Fix a few crossrefs + update Zygote's page (#2064)

Saransh-cpp · web-flow · commit 15c85908fdc8 · 2022-10-18T12:21:53.000-04:00
* Fix a few crossrefs + update Zygote's page

* Sync with recent changes

* Fix docs for default_rng_value
diff --git a/docs/src/training/zygote.md b/docs/src/training/zygote.md
@@ -1,29 +1,31 @@
 # Automatic Differentiation using Zygote.jl
 
-Flux re-exports the `gradient` from [Zygote](https://github.com/FluxML/Zygote.jl), and uses this function within [`train!`](@ref) to differentiate the model. Zygote has its own [documentation](https://fluxml.ai/Zygote.jl/dev/), in particular listing some [important limitations](https://fluxml.ai/Zygote.jl/dev/limitations/).
+Flux re-exports the `gradient` from [Zygote](https://github.com/FluxML/Zygote.jl), and uses this function within [`train!`](@ref Flux.train!) to differentiate the model.
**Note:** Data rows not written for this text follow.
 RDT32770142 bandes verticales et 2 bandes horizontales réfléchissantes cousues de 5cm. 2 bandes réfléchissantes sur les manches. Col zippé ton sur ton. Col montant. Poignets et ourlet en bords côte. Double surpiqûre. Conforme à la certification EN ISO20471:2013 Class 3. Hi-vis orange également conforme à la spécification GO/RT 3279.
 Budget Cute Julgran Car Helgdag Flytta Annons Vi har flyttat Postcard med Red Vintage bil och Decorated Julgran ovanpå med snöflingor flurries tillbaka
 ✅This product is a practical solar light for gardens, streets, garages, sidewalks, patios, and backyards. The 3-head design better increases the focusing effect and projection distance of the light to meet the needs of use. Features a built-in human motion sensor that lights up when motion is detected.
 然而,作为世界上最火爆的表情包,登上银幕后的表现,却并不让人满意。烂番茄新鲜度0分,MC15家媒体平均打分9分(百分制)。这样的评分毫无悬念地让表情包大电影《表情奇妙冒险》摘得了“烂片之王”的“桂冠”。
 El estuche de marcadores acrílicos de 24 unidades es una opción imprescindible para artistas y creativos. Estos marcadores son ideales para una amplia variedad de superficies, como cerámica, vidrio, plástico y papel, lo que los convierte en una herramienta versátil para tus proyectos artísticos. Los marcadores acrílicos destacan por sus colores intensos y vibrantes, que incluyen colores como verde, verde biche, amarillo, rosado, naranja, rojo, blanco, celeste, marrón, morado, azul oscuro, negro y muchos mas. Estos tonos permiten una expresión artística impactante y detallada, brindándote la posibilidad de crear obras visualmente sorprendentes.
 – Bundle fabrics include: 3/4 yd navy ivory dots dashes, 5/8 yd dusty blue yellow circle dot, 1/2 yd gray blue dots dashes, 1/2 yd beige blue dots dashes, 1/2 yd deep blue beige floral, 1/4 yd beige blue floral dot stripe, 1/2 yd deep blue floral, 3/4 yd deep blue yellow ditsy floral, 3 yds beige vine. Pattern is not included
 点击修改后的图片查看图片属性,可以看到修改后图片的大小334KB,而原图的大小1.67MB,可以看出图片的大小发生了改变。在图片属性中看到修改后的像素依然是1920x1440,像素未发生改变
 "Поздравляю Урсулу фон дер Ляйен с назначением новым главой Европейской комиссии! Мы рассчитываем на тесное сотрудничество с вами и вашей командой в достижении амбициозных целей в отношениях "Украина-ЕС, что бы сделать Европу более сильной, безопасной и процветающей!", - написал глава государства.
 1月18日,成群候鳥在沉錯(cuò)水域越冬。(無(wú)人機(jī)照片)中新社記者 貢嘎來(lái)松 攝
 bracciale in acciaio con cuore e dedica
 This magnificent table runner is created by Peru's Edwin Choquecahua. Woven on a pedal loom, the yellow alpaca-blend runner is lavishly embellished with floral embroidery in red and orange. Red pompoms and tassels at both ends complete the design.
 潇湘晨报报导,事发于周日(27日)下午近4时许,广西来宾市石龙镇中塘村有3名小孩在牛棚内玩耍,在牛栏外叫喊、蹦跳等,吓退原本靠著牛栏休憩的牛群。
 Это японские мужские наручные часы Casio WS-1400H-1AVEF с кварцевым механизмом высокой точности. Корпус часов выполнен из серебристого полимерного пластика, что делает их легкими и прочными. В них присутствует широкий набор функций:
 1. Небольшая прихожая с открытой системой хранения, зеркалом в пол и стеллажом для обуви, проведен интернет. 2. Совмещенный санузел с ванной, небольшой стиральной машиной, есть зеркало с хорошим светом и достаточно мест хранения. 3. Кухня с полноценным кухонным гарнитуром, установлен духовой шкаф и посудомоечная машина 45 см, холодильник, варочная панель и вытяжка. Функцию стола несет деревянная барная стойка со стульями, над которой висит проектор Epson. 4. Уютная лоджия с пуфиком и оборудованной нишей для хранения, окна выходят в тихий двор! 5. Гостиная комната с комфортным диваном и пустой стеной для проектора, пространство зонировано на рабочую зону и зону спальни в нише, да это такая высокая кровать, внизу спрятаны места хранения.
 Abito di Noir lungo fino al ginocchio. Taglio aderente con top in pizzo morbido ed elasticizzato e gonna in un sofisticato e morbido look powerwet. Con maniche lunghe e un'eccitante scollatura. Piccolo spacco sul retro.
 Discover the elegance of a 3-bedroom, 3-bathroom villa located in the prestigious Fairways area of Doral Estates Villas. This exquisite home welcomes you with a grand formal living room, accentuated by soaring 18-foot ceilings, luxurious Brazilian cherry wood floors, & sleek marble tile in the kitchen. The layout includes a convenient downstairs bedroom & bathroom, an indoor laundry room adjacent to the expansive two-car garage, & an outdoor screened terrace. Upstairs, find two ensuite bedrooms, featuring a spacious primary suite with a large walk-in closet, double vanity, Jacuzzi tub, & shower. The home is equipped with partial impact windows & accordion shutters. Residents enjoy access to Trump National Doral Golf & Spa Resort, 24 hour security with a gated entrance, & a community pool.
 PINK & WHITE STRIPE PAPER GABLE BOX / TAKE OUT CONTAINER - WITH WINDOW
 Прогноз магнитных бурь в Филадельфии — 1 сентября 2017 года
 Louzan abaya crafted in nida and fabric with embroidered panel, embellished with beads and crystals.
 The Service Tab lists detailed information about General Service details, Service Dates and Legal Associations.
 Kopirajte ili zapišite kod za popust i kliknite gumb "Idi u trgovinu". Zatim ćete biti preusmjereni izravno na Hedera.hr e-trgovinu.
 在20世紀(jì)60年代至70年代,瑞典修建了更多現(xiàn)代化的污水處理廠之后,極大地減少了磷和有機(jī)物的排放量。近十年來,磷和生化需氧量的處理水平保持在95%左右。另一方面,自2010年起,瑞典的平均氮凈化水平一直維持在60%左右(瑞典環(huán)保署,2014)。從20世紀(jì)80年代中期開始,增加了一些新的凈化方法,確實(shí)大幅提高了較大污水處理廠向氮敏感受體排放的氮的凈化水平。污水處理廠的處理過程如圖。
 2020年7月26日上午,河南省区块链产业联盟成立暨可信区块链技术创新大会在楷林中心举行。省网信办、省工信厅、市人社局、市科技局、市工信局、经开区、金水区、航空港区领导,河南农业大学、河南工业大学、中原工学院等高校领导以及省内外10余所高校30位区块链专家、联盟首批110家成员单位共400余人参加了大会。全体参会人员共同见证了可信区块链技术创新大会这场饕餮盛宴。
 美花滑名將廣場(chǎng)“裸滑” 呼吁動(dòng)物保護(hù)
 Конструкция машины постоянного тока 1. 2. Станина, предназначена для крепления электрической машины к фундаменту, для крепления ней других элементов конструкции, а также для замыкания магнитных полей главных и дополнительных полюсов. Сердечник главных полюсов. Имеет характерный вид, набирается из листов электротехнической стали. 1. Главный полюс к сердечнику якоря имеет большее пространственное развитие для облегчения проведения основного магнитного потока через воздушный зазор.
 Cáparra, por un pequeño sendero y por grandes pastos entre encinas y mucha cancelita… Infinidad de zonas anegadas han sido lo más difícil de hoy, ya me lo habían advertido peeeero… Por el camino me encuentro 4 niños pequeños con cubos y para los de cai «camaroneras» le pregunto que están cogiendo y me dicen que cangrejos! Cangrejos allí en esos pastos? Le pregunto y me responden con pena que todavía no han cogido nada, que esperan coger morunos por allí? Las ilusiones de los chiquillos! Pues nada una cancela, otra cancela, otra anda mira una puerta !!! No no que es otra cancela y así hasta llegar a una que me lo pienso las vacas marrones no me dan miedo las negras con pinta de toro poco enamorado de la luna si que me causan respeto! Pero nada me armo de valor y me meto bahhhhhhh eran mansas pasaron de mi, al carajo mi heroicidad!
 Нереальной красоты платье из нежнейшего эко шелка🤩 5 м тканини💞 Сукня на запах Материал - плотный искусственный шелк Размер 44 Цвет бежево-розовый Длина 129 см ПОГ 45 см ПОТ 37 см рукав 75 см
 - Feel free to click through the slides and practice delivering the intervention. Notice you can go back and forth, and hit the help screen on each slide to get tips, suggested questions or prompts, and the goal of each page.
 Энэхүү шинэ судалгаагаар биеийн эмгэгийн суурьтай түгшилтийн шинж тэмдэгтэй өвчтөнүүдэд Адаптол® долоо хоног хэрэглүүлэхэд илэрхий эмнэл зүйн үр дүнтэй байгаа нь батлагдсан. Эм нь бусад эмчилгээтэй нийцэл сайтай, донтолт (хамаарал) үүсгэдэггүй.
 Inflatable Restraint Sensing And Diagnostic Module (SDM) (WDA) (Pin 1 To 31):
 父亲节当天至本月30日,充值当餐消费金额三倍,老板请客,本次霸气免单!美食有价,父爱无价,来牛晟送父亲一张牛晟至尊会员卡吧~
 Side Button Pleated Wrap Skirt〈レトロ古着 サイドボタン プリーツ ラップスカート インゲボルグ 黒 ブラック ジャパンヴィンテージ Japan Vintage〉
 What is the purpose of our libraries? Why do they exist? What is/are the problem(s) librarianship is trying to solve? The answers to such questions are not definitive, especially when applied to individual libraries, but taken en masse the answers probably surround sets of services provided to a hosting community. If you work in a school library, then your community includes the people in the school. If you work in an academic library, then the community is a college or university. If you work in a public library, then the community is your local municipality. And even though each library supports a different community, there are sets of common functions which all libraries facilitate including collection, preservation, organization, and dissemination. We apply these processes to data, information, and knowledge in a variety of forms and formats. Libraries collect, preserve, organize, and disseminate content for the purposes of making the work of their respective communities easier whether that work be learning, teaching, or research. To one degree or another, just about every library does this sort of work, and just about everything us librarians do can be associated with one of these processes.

Zygote has its own [documentation](https://fluxml.ai/Zygote.jl/dev/), in particular listing some [important limitations](https://fluxml.ai/Zygote.jl/dev/limitations/).
 
-### Implicit style
+## Implicit style
 
 Flux uses primarily what Zygote calls "implicit" gradients, [described here](https://fluxml.ai/Zygote.jl/dev/#Explicit-and-Implicit-Parameters-1) in its documentation.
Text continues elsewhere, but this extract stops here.